Alfonso Ussía
Ajo..
No albergo esperanzas de recibir apoyos a mi teoría respecto al ajo. Para mí, que el ajo ha hecho mucho daño a los españoles. El ajo impidió nuestra inmersión en el Renacimiento, y está científicamente documentado y demostrado. Sucede que he perdido la documentación, la demostración y la conclusión definitiva. Admito, por supuesto, disidencias y opiniones favorables al asqueroso bulbo, príncipe de nuestra gastronomía. Decía Malraux que el primer golpe de aire al llegar a España, era una bofetada de ajo. Hay consumidores de ajo por gusto y también existen los que se han creído que el ajo es muy recomendable para la circulación de la sangre. Pero la dignidad sólo se alcanza cuando la salud pasa a un segundo plano en beneficio de la higiene. El ajo es el mayor enemigo del beso y de la armonía entre dos personas. – Voy a hacerle una oferta muy interesante-; - mañana me la hace, cuando no huela a ajo-.

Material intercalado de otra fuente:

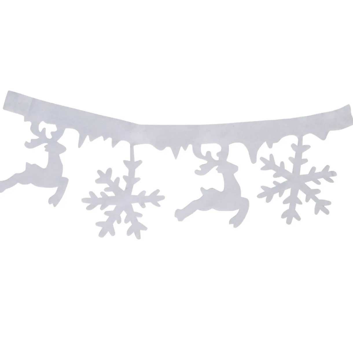 Guirlande en feutrine blanche motif rennes et flocons.

Me lo contó Antonio Ozores. Rodaba una película dirigida y producida por su hermano Mariano. Una de aquellas películas de los tiempos del destape, siempre ligeras y divertidas, que se rodaban con muy poco dinero y mucho ingenio interpretativo. La actriz principal había leído que el ajo facilitaba la circulación sanguínea, y desayunaba con ajo. Llegaba al plató cantando ajerío que echaba para atrás. Aquella mañana se rodaba una tórrida escena de amor protagonizada por Antonio Ozores y la actriz del ajo, que era guapísima por cierto. Pero Antonio no soportaba sus efluvios. –Mariano, creo que no tiene sentido mi escena de amor. Es más lógico que la interprete Alfredo Landa, que por algo es el protagonista-. Y Mariano aceptó la sugerencia de su hermano, corrigió el guión y le endilgó la escena a Alfredo Landa. Al llegar éste al rodaje y enterado de la faena, resignó su mirada hacia el suelo, abrió los brazos y murmuró: -¡Pero que cabrones sois los dos hermanitos!-. Culpa del ajo.
El reverendo padre Zubeldia, de la parroquia del Antiguo de San Sebastián, sita en la calle Matía, era el más bondadoso, comprensivo con el pecado y amable de los confesores. Pero olía a ajo, y su clientela menguaba precipitadamente. Cuando el párroco, el padre Mendiguren, supo del motivo de la deserción de los penitentes del quiosco del padre Zubeldia, le prohibió ingerir ajo. Ello enfureció al padre Zubeldia, que pasó de ser un caritativo y generoso confesor a convertirse en una fiera corrupia que castigaba con duras penitencias los pecados más veniales. El síndrome de abstinencia del ajo hizo de aquel santo un energúmeno, y dejó de confesar cuando se supo que había sancionado con el rezo de cien rosarios a una mujer de ochenta años que le reconoció haber sido incitada por malos pensamientos. Culpa del ajo.
Visité Moscú por primera vez en tiempos del siniestro Andropov. Era verano. En los planes quinquenales del comunismo, no cabían los desodorantes. Aquel verano, el plan quinquenal consistía en pantalones marrones, camisas blancas y chancletas para los hombres, y faldas grises y blusas azules para las mujeres, también con chancletas. Cuando se abrió la puerta del avión, respiré un aire viciado de berza y sudor. Malraux lo experimentó con el ajo en España, y me sentí cohibido y algo avergonzado.
Y ustedes, mis queridos lectores, se preguntarán por qué escribo de ese bulbo gastronómico que tanto me repugna. Y precisamente hoy, 11 de septiembre. Y no encuentro la respuesta a la pregunta, porque ni yo mismo, que tan hondamente me conozco, alcanzo a comprender mi deleznable elección. Intentaré hallar el motivo.